The Commission

What You Were Hired to Do

I want to go back to our definition of stage combat: the simulation of violent actions specific to the production requirements of a play. And to that, let’s add: “Less is more,” especially in a world where excess is mistaken for expertise.
Because as we go through the steps of creating a stage fight I want you to remember that ultimately the fight is for the audience. And they will forgive many a sin, but not self-indulgence. Ultimately, the fight that works is the one that springs naturally from the show. If any part of it looks added on, it will lessen the production as a whole.

The Commission

You just got your first job as a fight choreographer. Yay! Congratulations and bon courage. You should feel wonderful and a bit frightened, for at this point the trust of the design team, the expectations of the audience, and the safety of the actors are all in your hands. You are considered the expert. Very few will challenge what you say or do—at least not out loud. That silence can be misleading, and a trap. It places an additional burden on you to question your own choices, because others may not.
Before starting to work on the fight, make it clear to yourself exactly why you were hired. Most commissions fall into one of four categories, each requiring a different approach. The reasons could be one of these or a combination:

Types of Commissions

Isolated Action — A single moment: a slap, a fall, a stab—events that were once left to actors to improvise.
Safety Oversight — No formal fights, but heightened physicality. You are there to assess, adjust, and ensure safety.
Narrative Combat (“the fights”) — Sustained sequences where the script defines intent, but the structure and mechanics are yours to build.
Spectacle — The fight exists primarily to excite the audience. Scale, clarity, and visual impact become primary concerns.

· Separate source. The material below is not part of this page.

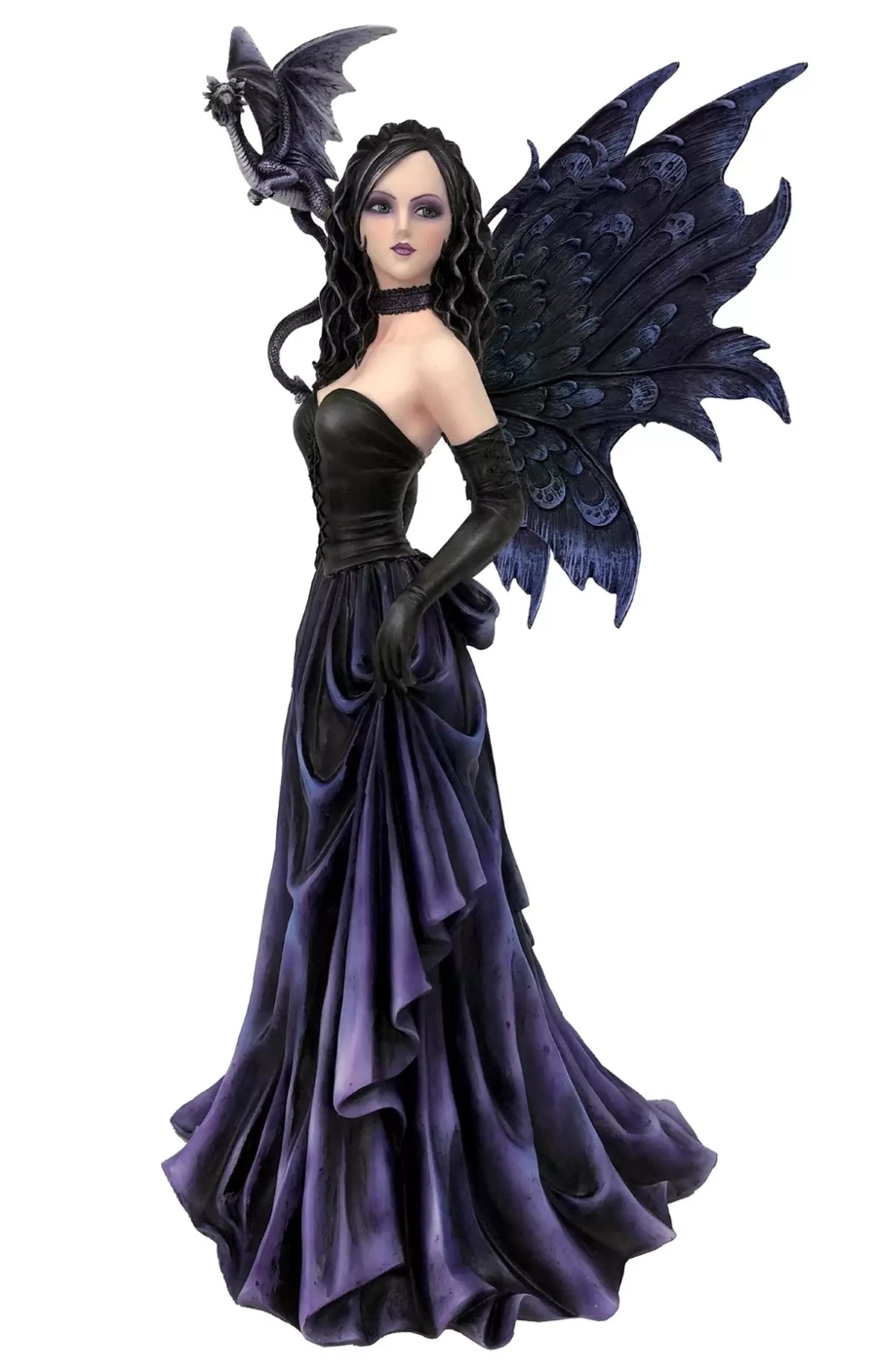 Très belle figurine d’une fée gothique habillée d’une longue jupe violette et d’un corset noir

In almost all cases, you will also need to function as an instructor. Actors arrive with widely varying levels of experience, and it is your responsibility to bring them to a common standard so the work can be performed safely and consistently.
At the same time, never lose sight of the original commission. You should be able to state clearly: “I was hired to deliver ______.” Then deliver it—cleanly, efficiently, and with the least amount of fuss. As a member of the design team, you are expected to prevent headaches, not cause them.
Of course, you must always adhere to your own professional standards, for they are there to protect you, the actors, and even the theatre.

The Non-Negotiables

Safety and repeatability are not optional considerations to be weighed against schedule, convenience, or enthusiasm. They are the foundation upon which all stage combat rests, and the fight director must be willing to insist upon them even when doing so is inconvenient. Directors and producers will often be balancing dozens of competing pressures: rehearsal time, scene work, technical demands, budget limitations, actor availability, and opening deadlines. It is therefore the responsibility of the fight director to establish clearly what is required for the violence to be performed safely and consistently. A movement that succeeds only under ideal conditions is not ready for performance. The actors must have sufficient rehearsal, sufficient spacing, sufficient understanding, and sufficient repetition for the sequence to remain reliable under the realities of live theatre: fatigue, nerves, emotional intensity, costume limitations, changing stage conditions, and simple human inconsistency. The fight director cannot assume others understand these requirements instinctively. They must advocate for them directly and professionally.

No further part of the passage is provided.